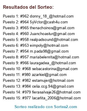 - Ganador 3: #965 thenachoinos@gmail.com
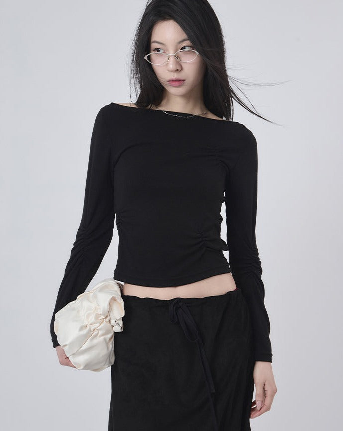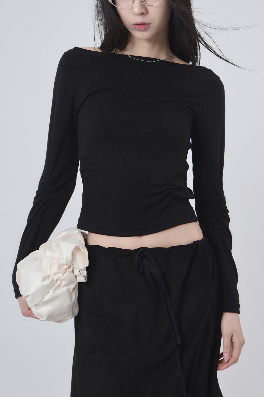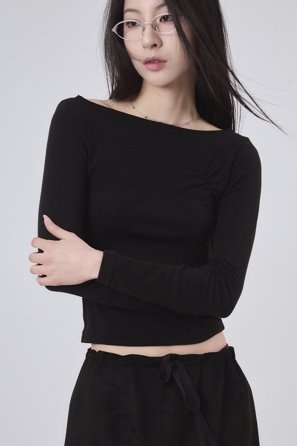 パーツシャーリングワイドネッククロップ長袖Tシャツ
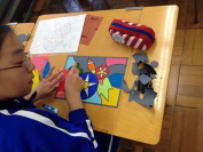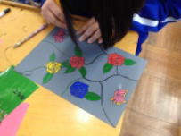1年生の美術の時間。今日は窓枠用のステンドグラス風の作品作りをしていました。自分たちでデザインした図案に上手に色をのせていきます。色鮮やかにそれぞれがていねいに作品を作っていました。窓に貼って光を通すととてもきれいな飾りができあがっていました。
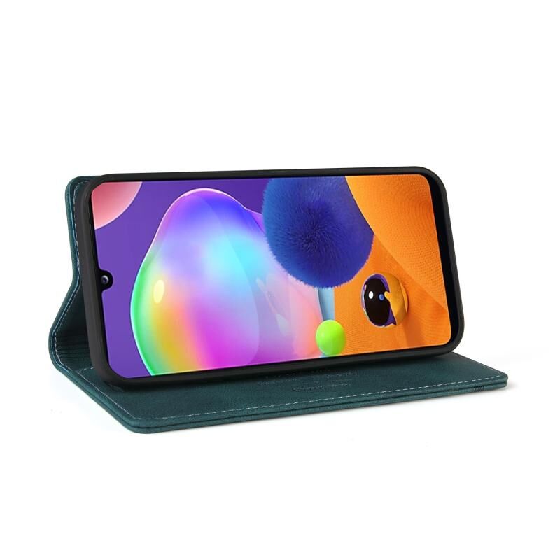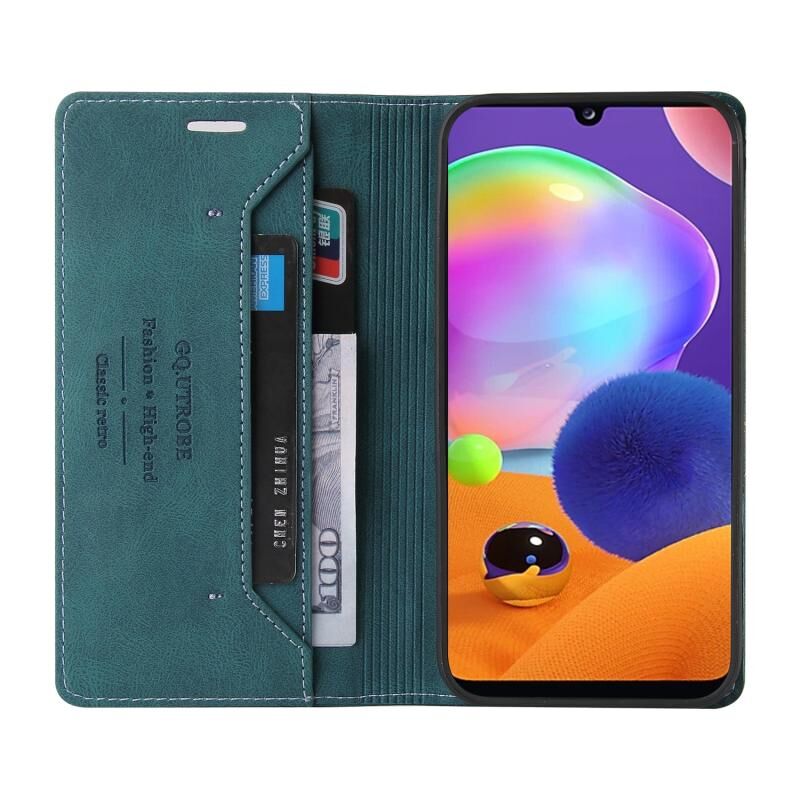 Για το Samsung Galaxy A31 Skin Feel Anti-theft Brush Οριζόντια Flip δερμάτινη θήκη με θήκη & υποδοχές καρτών & πορτοφόλι (Μπλε)
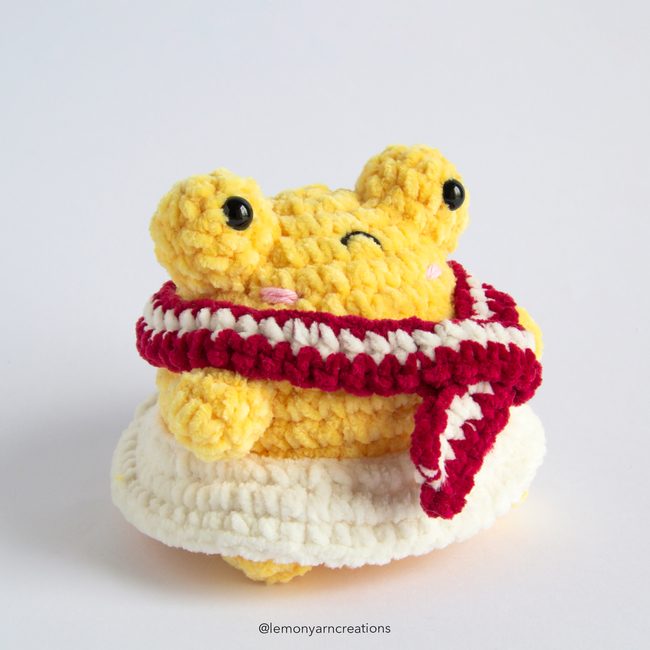 Eggs and bacon are one of the best breakfast combos, but have you ever tried it with a side of frog?! Eggo Froggo is an adorable egg-like frog, who stays cozy thanks to a bacon scarf. This is a quick pattern, perfect for a relaxing time.
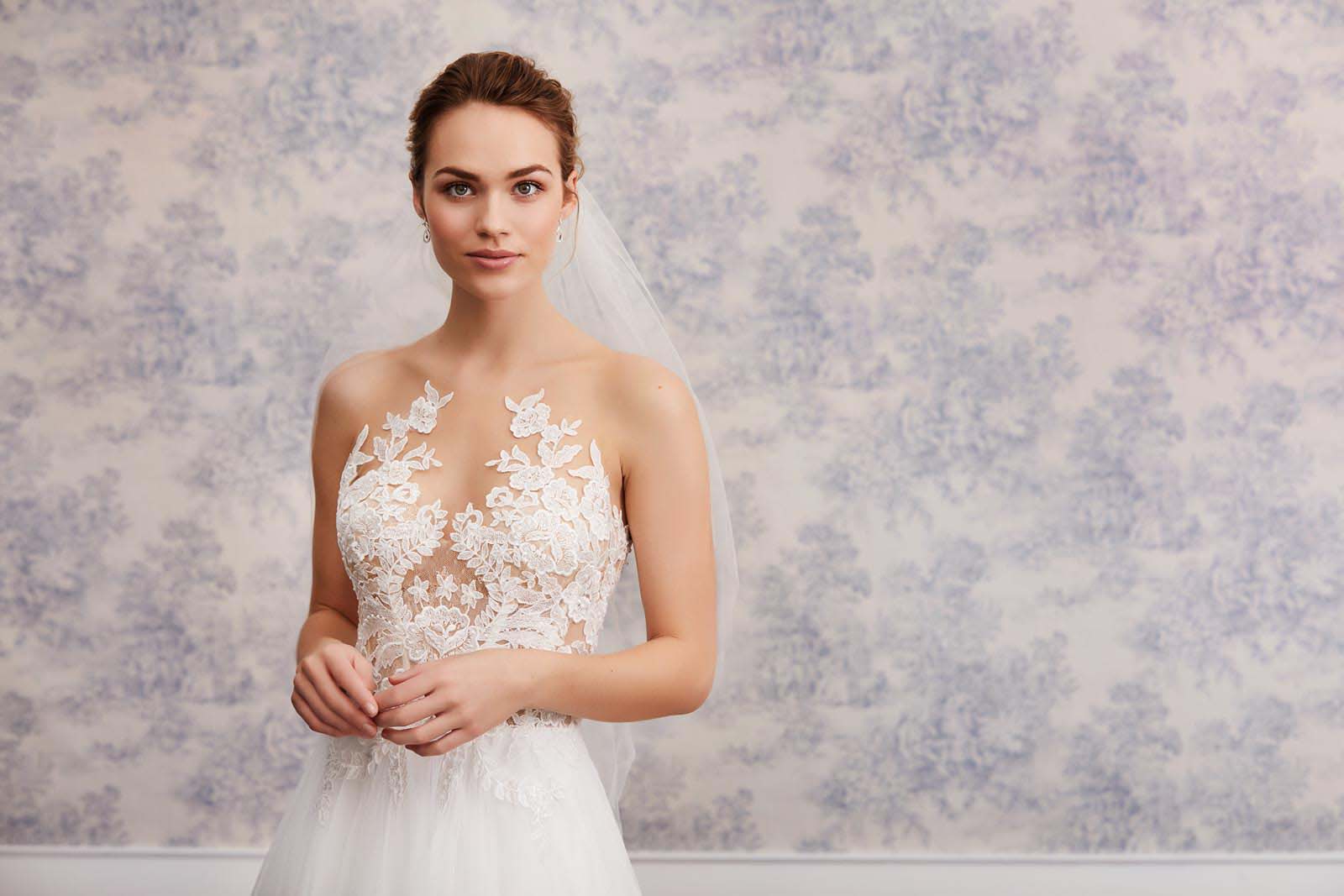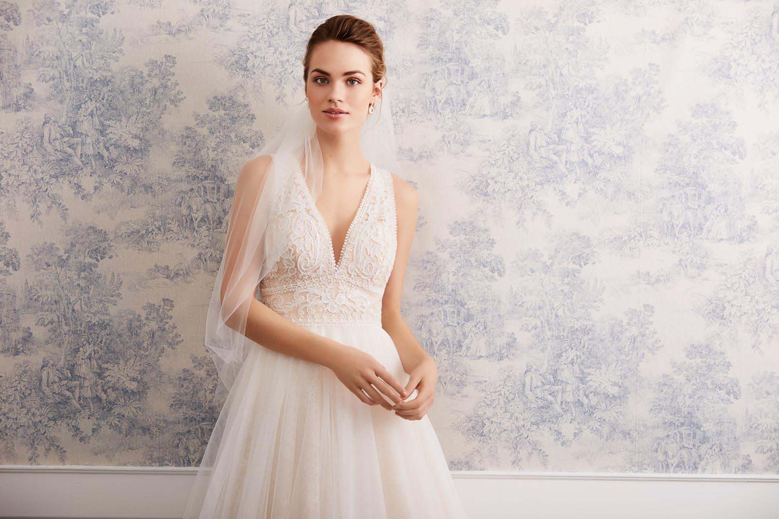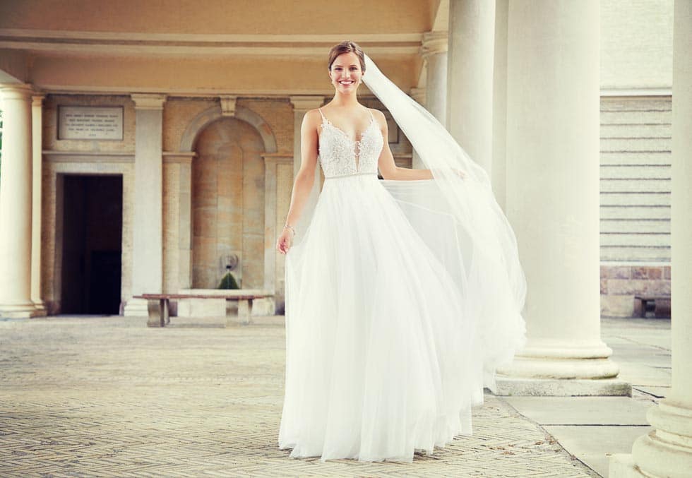 Deshalb passt der Schleier auch besonders gut zu Brautkleidern, die bezaubernde Brust- oder Hüftdetails haben, da er diese Highlights des Hochzeitskleides nicht verdeckt.
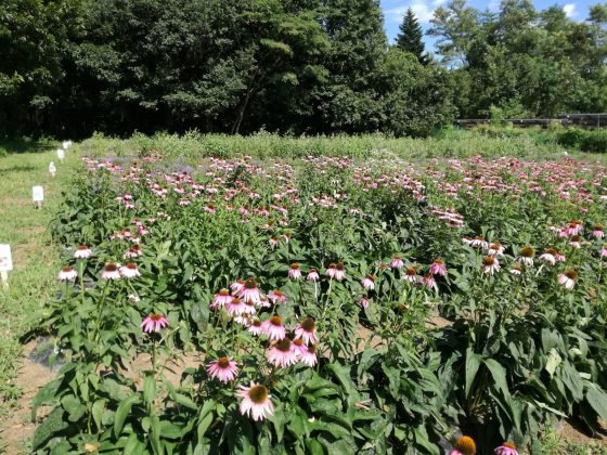今春種まきしたフレッシュなエキナセアは葉が多く、夏の日差をいっぱいに浴びそのエネルギーで一気に開花。満開となった9月12日に収穫を行いました。今回の収穫は「ムラサキバレンギクエキス」として化粧品に配合します。10月には光合成エネルギーをたっぷり蓄えた根っこの収穫を予定。こちらは「エチナシ根エキス」として化粧品に配合してゆきます。
───
Problem ▸ Every line from the one holding "Eggs and bacon" through the end of the records above must be reproduced verbatim, pictures excepted.

Answer for the task ▸
 Eggs and bacon are one of the best breakfast combos, but have you ever tried it with a side of frog?! Eggo Froggo is an adorable egg-like frog, who stays cozy thanks to a bacon scarf. This is a quick pattern, perfect for a relaxing time.
 Deshalb passt der Schleier auch besonders gut zu Brautkleidern, die bezaubernde Brust- oder Hüftdetails haben, da er diese Highlights des Hochzeitskleides nicht verdeckt.
今春種まきしたフレッシュなエキナセアは葉が多く、夏の日差をいっぱいに浴びそのエネルギーで一気に開花。満開となった9月12日に収穫を行いました。今回の収穫は「ムラサキバレンギクエキス」として化粧品に配合します。10月には光合成エネルギーをたっぷり蓄えた根っこの収穫を予定。こちらは「エチナシ根エキス」として化粧品に配合してゆきます。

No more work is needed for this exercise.